The US Food and Drug Administration (FDA)'s newly-released Innovation Blueprint sets out the steps which the agency can take immediately to address concerns about biomedical innovation, which is slowing down despite record investments in R&D.

"America is at an important crossroads, where the science before us presents unprecedented opportunities to create new and better medical products and to promote better health for the public," said FDA Commissioner Margaret Hamburg. "Our Innovation Blueprint highlights some of the initiatives FDA will be implementing to ensure that these opportunities are translated into safe and effective treatments that can help keep American patients and American industry healthy and strong," she added.

The report's proposals stem from a review of FDA's current policies and practices, as well as months of meetings with major stakeholders nation-wide, and they focus on implementing the following major actions:

- rebuilding FDA's small business outreach services;
- building the infrastructure to drive and support personalised medicine:
- creating a rapid drug development pathway for important targeted therapies;
- harnessing the potential of data-mining and information-sharing while protecting patient privacy;
- improving consistency and clarity in the medical device review process:
- training the next generation of innovators; and
- streamlining and reforming FDA regulations.

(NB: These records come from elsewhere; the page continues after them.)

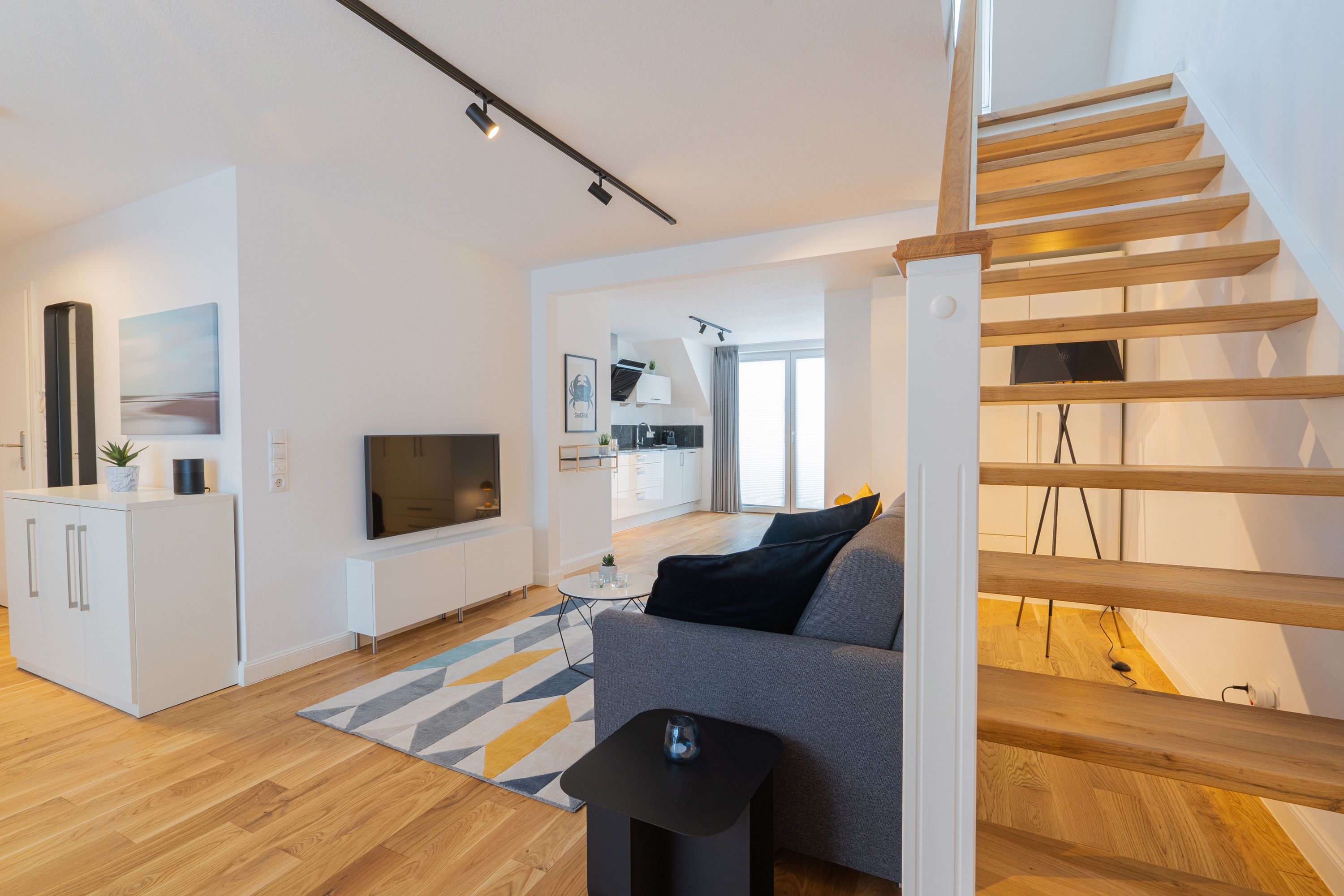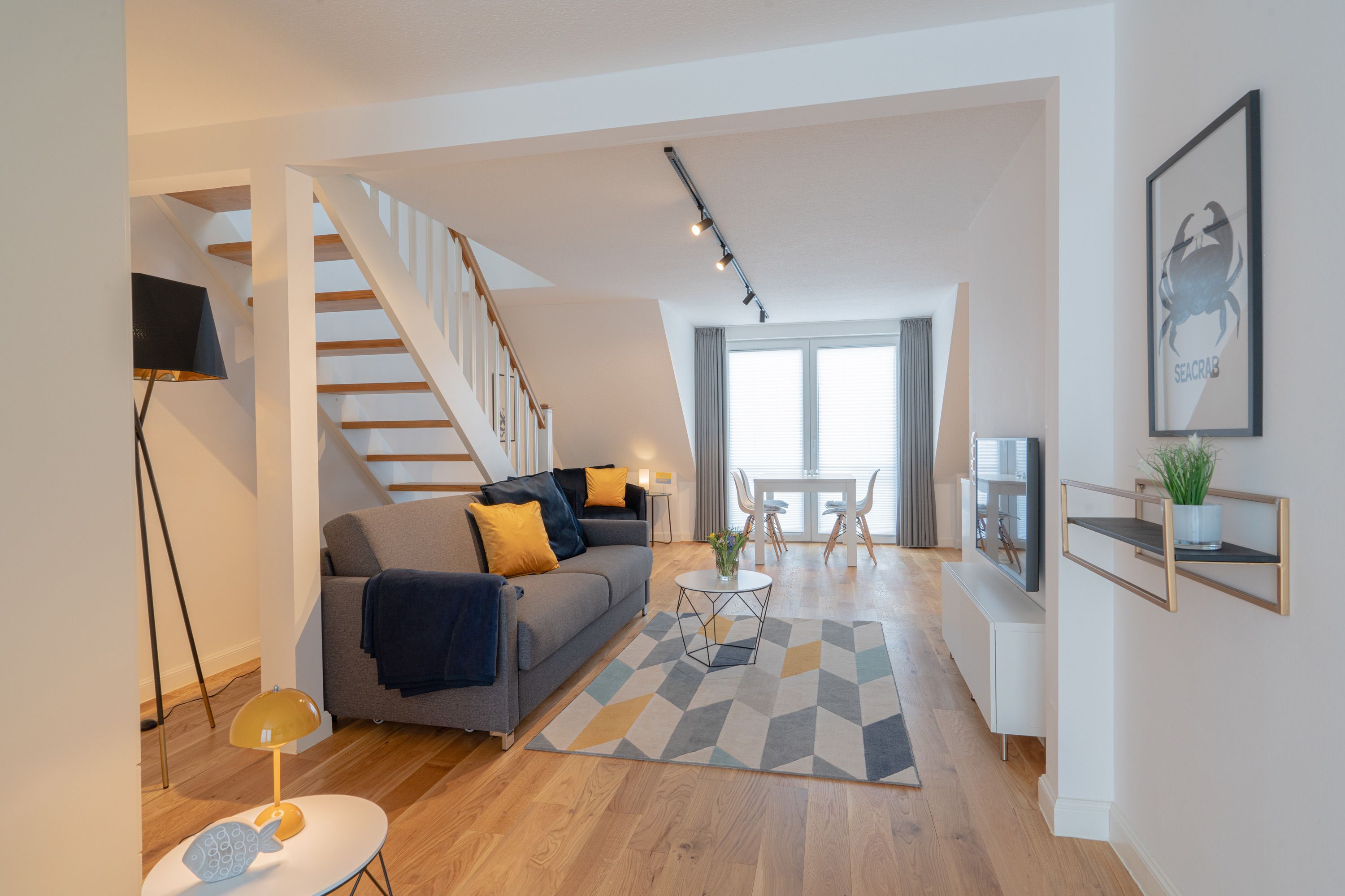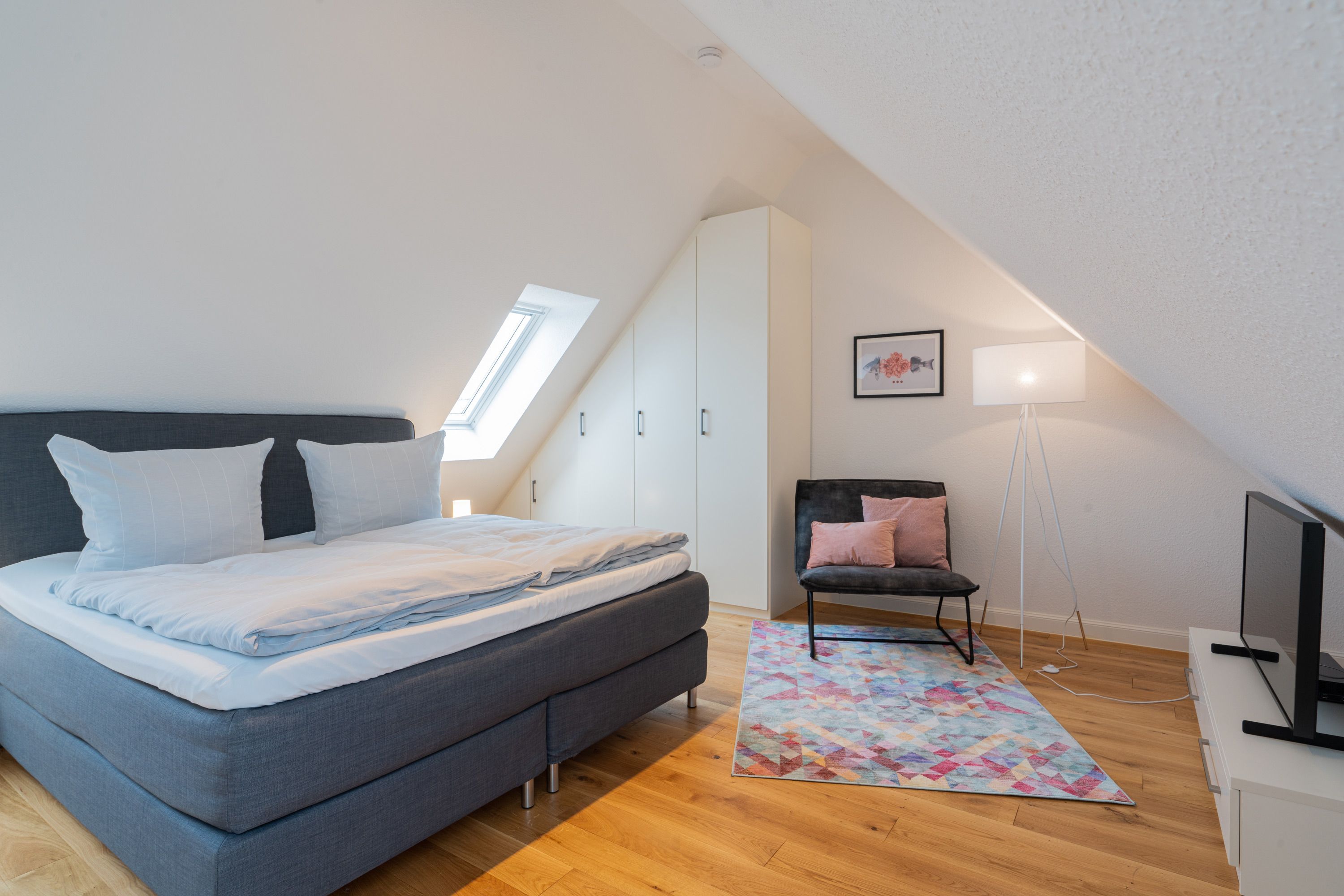 Unser Lighthouse 5 ist ein helles, freundliches Appartement mit Echtholzparkett, separatem Schlafzimmer im Dachgeschoss,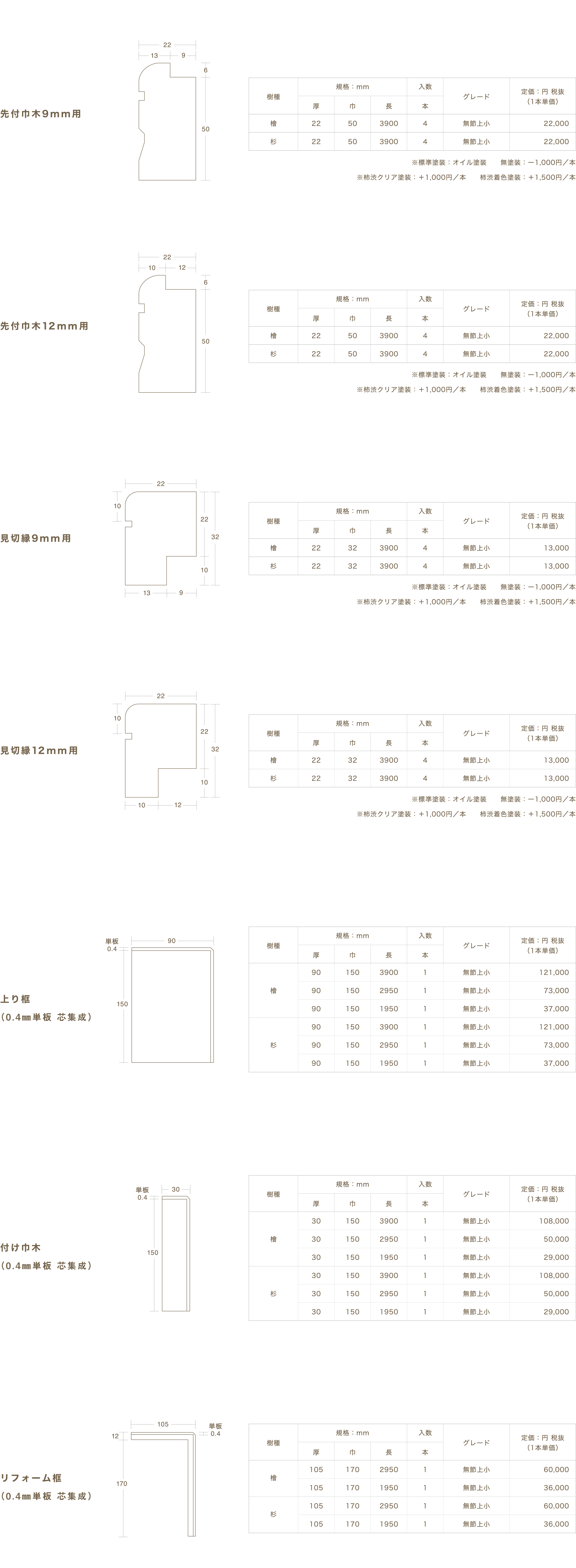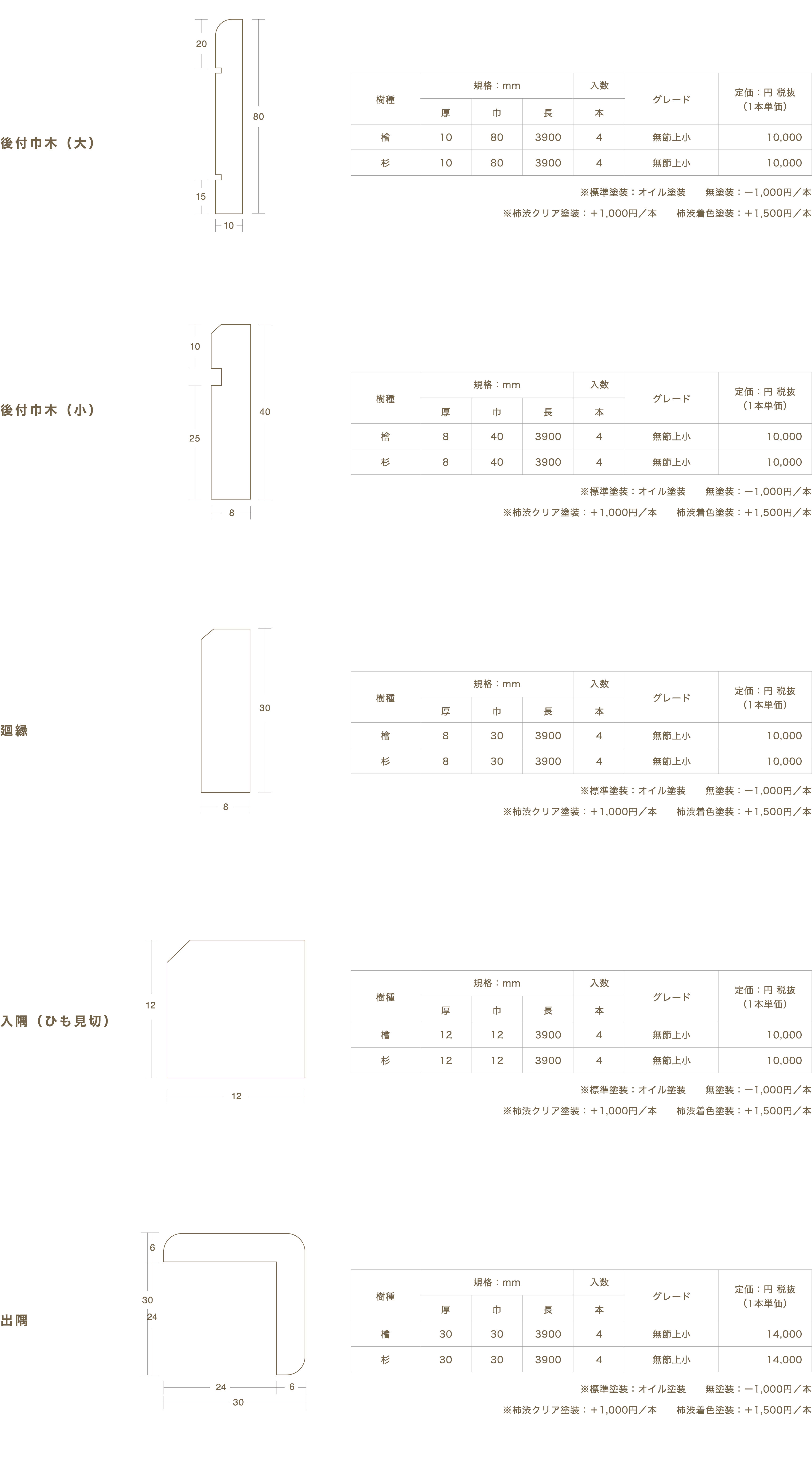 床材や壁材とともに空間を整える造作材を取り揃えています。空間全体の統一感を高めるため、同材質・同色で揃えることができ、柿渋塗装や各種カラー塗装にも対応可能です。床・壁材と合わせて一括でご注文いただくことで、現場での調和が図りやすく、仕上がりもより美しくなります。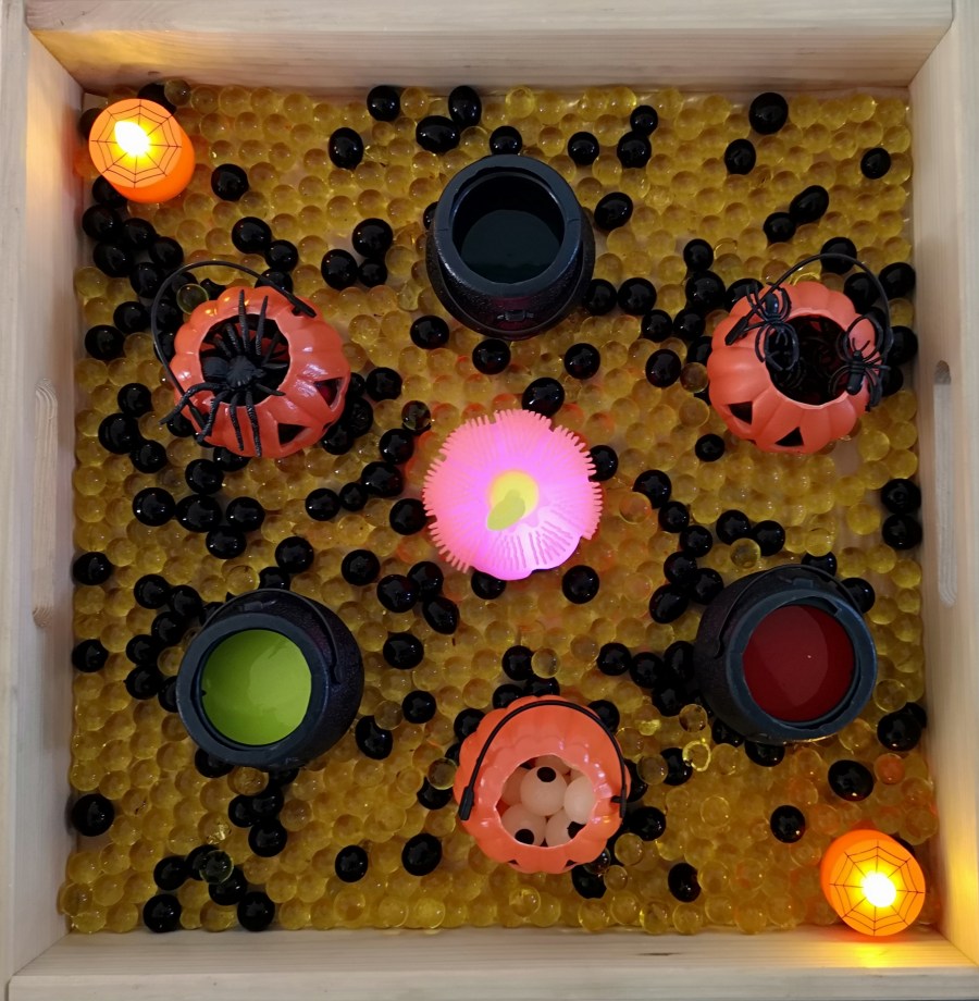 Nouveau bac sensoriel d'Halloween, cette fois-ci noir et blanc. Il s'agit d'un bac qui fait découvrir différentes textures (grains de riz, yeux gluants, araignées en caoutchouc, toile d'araignée en fibre textile, stickers en mousse...) et de nouvelles imageries d'Halloween (momie, fantôme, chat noir, chauve-souris...). Un bac qui invite également à la manipulation et au transvasement. …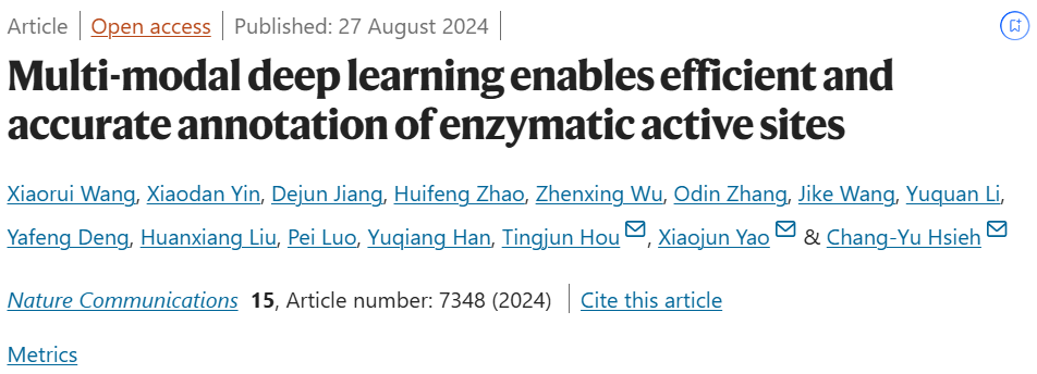 该研究以「Multi-modal deep learning enables efficient and accurate annotation of enzymatic active sites」为题,于 2024 年 8 月 27 日发布在《Nature Communications》。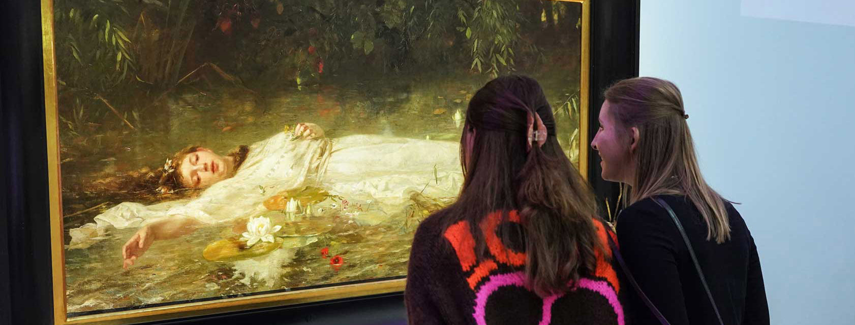 Etwa fünfzig Jahre später griff Heyser das Thema erneut auf und schuf eine eigenständige, geheimnisvolle Neuinterpretation. Sein wahrscheinlich um 1900 entstandenes Querformat bezieht sich in der Komposition deutlich auf das Werk von Millais, verwandelt es jedoch in die Darstellung einer jugendlichen Schönheit, die im Kreislauf von Leben und Vergänglichkeit aufgeht. Die Popularität der Präraffaeliten — mit ihrer einzigartigen Verbindung von Natur und Ornament — prägte viele Künstler:innen des Jugendstils und fand auch in Heysers Werk ihren Widerhall.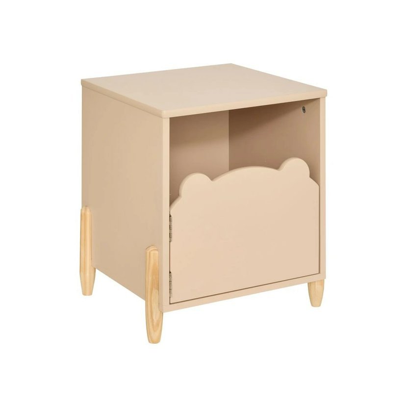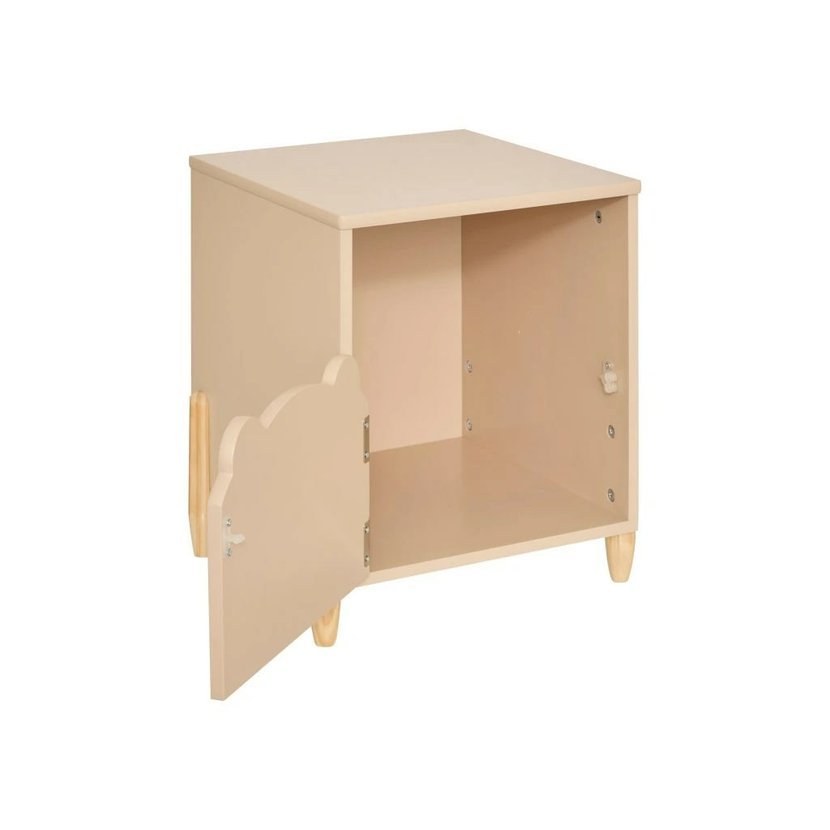 Stolek bude skvělým doplňkem k dětské postýlce pro lampičku nebo odložení pohádkových knížek. Otevírací dvířka skrývají úložný prostor.

The document "represents a productive and important first step toward smart innovation-focused reform at FDA," said Vicki Seyfert-Margolis, senior adviser for science innovation and policy for the FDA Commissioner's Office. One of the things the agency had been told at the stakeholder meetings is that FDA needs to work better as one agency, rather than functioning as several semi-autonomous centres, she added.

The Pharmaceutical Research and Manufacturers of America (PhRMA) said it welcomed the "thoughtful and proactive" approach taken in the report, and pointed out that many of its themes are consistent with the provisions in the recently-negotiated Prescription Drug User Fee Act (PDUFA-V).

If implemented as published, PDUFA-V will "provide the FDA with much-needed resources and management tools to support patient safety and to promote innovation in the scientific ecosystem through increased transparency, predictability and efficiency in FDA's science-based human drug review programme," said PhRMA chief executive John J Castellani.

PDUFA-V will also establish an enhanced review model for New Molecular Entities (NMEs), which "targets completion of FDA assessments of efficacy and safety within the first review cycle and is intended to reduce the overall time for new medicines to become available to patients, while maintaining FDA's gold standard of safety and efficacy. One aspect of this provision which should facilitate this objective is increased scientific communication between FDA and sponsors prior to and throughout the review process," added Mr Castellani.